During his five-day visit, he led a huge open-air Mass in the center of Seoul, which was attended by over 800,000 people.

"Their example has much to say to us who live in societies where, alongside immense wealth, dire poverty is silently growing; where the cry of the poor is seldom heeded and where Christ continues to call out to us, asking us to love and serve him by tending to our brothers and sisters in need. They challenge us to think about what, if anything, we ourselves would be willing to die for,” he said during the sermon, Independent reported.

He also visited a hilltop center for the sick, disabled and homeless run by the church in the town of Kkottongnae where he comforted sick children and adults. However, the pope had to cut his journey short.

"I've got a little problem. If there's one thing you should never do, it's skip your prayers, but today we'll have to do it alone and I'll tell you why: I came by helicopter, and if we don't take off in time, there's a danger we might smash into a mountain,” he said.

In 2017, Moon sent a special envoy to the Vatican to seek support in efforts to foster reconciliation in the Korean peninsula.

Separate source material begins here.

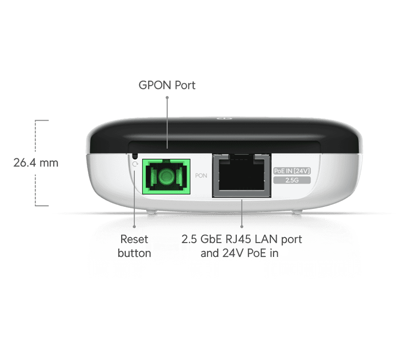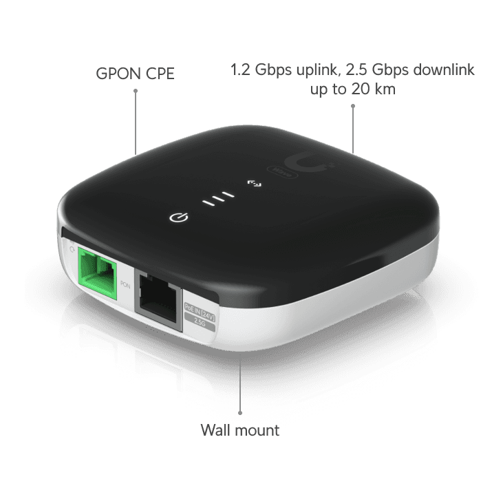 Ubiquiti WaveFiber ONU to terminal kliencki przeznaczony do sieci GPON, do współpracy z terminalami OLT marki Ubiquiti. Urządzenie posiada 1 port 2.5G Ethernet, który pozwoli uzyskać maksymalną przepustowość standardu GPON i umożliwi oferowanie abonentom pakietów danych powyżej 1 Gb/s. Port Ethernet służy jednocześnie za wejście zasilania pasywnego PoE (24 V DC), zasilania nie można doprowadzić w inny sposób. WaveFiber ONU wspiera tryb bridge i routera, posiada również inne, przydatne funkcje, takie jak zapora sieciowa (firewall). Producent zastosował złącze SC/APC, zakres mocy nadawczej wynosi 1,5 ~ 5 dBm, a zakres czułości odbioru -8 ~ -28 dBm.

“I was sent by the president to ask the Holy Father for his support in the reconciliation process between North and South Korea, and I hope the Vatican can act as a mediator,” Bishop Hyginus Kim Hee-jong, who served as the envoy said adding the mediation “could be the same as the mediation made during the restoration of relations between Cuba and the United States.”

“The Holy See has always been on the side of Korea in the difficult moments of its history, and we hope this will happen again. If we achieve peace between North and South Korea, we state as from now our commitment to work for peace in East Asia and, on a larger scale, for peace in the world. We want to be a tool for peace,” he said, Crux Now reported.

In September, Kim met Moon and they discussed a wide range of topics including denuclearization and reducing military tension between the two nations.